AI is the ultimate disruptor, and it’s shaking the foundations of traditional industries.

The companies that embrace AI will thrive, while the dinosaurs clinging to outdated methods will be left in the dust.

As an investor, you want to be on the side of the winners, and AI is the winning ticket.

The Talent Pool is Overflowing: The world’s brightest minds are flocking to AI.

From computer scientists to mathematicians, the next generation of innovators is pouring its energy into this field.

This influx of talent guarantees a constant stream of groundbreaking ideas and rapid advancements.

By investing in AI, you’re essentially backing the future.

The future is powered by artificial intelligence, and the time to invest is NOW.

Don’t be a spectator in this technological revolution.

Dive into the AI gold rush and watch your portfolio soar alongside the brightest minds of our generation.

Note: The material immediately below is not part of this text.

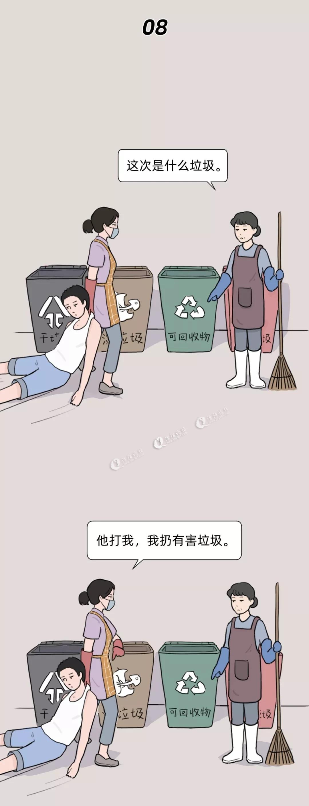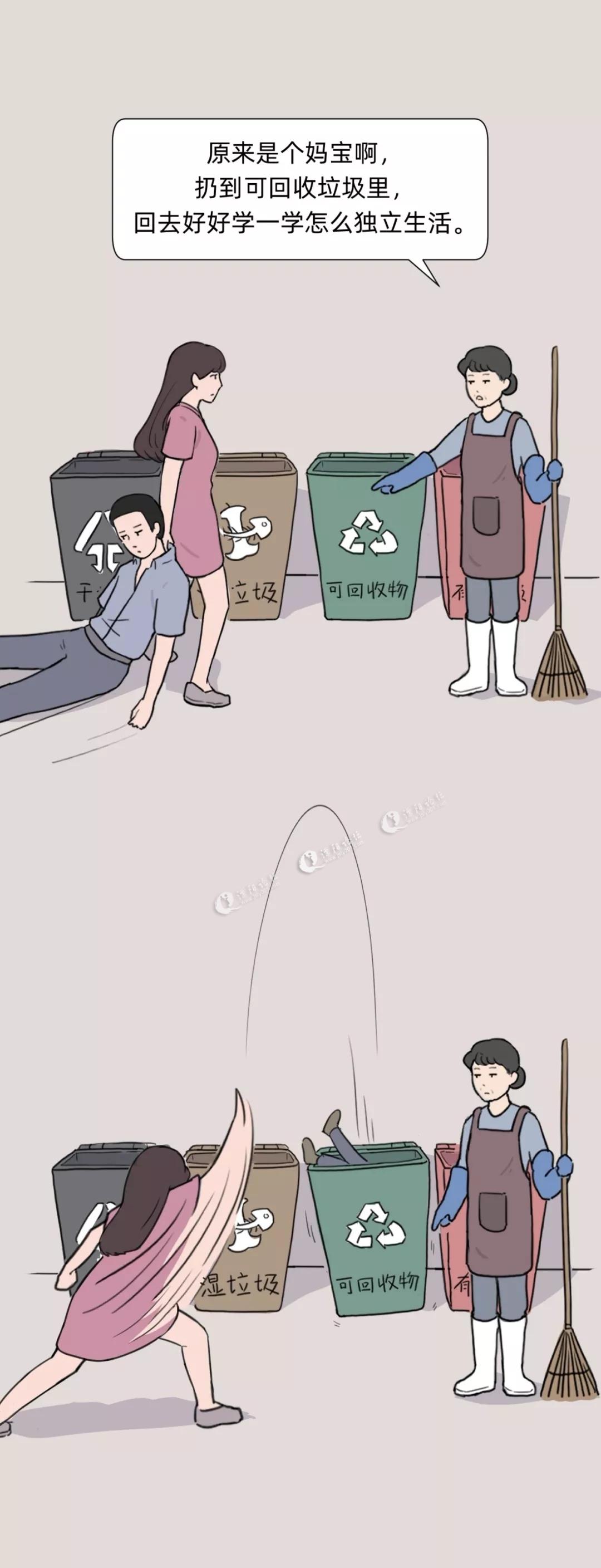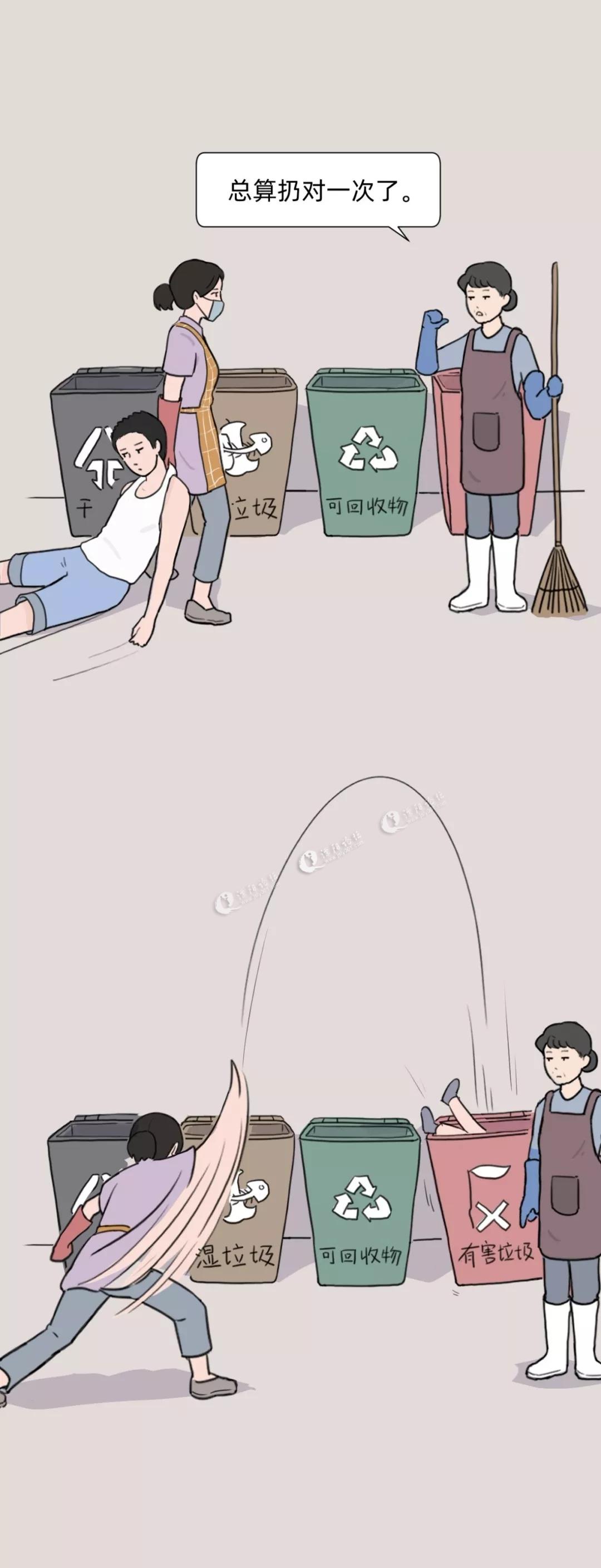 女主扔垃圾的动作实在帅气,大妈刷垃圾桶的动作也很霸气,深入人心,甚是解气!

This isn’t just about making money – it’s about being part of the future.

So, buckle up and get ready for the ride of your investment life!

Act Now and Unlock a Potential 100+% Return within 12 to 24 months.

We’re now offering month-to-month subscriptions with no commitments.

For a ridiculously low price of just $9.99 per month, you can unlock our in-depth investment research and exclusive insights – that’s less than a single fast food meal!

Space is Limited! Only 1000 spots are available for this exclusive offer. Don’t let this chance slip away – subscribe to our Premium Readership Newsletter today and unlock the potential for a life-changing investment.

Here’s what to do next:

1. Head over to our website and subscribe to our Premium Readership Newsletter for just $9.99.

2. Enjoy a month of ad-free browsing, exclusive access to our in-depth report on the Trump tariff and nuclear energy company as well as the revolutionary AI-robotics company, and the upcoming issues of our Premium Readership Newsletter.

3. Sit back, relax, and know that you’re backed by our ironclad 30-day money-back guarantee.

Don’t miss out on this incredible opportunity! Subscribe now and take control of your AI investment future!


No worries about auto-renewals! Our 30-Day Money-Back Guarantee applies whether you’re joining us for the first time or renewing your subscription a month later!

A New Dawn is Coming to U.S. Stocks

I work for one of the largest independent financial publishers in the world – representing over 1 million people in 148 countries.

We’re independently funding today’s broadcast to address something on the mind of every investor in America right now…

Should I put my money in Artificial Intelligence?

Here to answer that for us… and give away his No. 1 free AI recommendation… is 50-year Wall Street titan, Marc Chaikin.

Marc’s been a trader, stockbroker, and analyst. He was the head of the options department at a major brokerage firm and is a sought-after expert for CNBC, Fox Business, Barron’s, and Yahoo! Finance…

But what Marc’s most known for is his award-winning stock-rating system. Which determines whether a stock could shoot sky-high in the next three to six months… or come crashing down.

That’s why Marc’s work appears in every Bloomberg and Reuters terminal on the planet…

And is still used by hundreds of banks, hedge funds, and brokerages to track the billions of dollars flowing in and out of stocks each day.

He’s used this system to survive nine bear markets… create three new indices for the Nasdaq… and even predict the brutal bear market of 2022, 90 days in advance.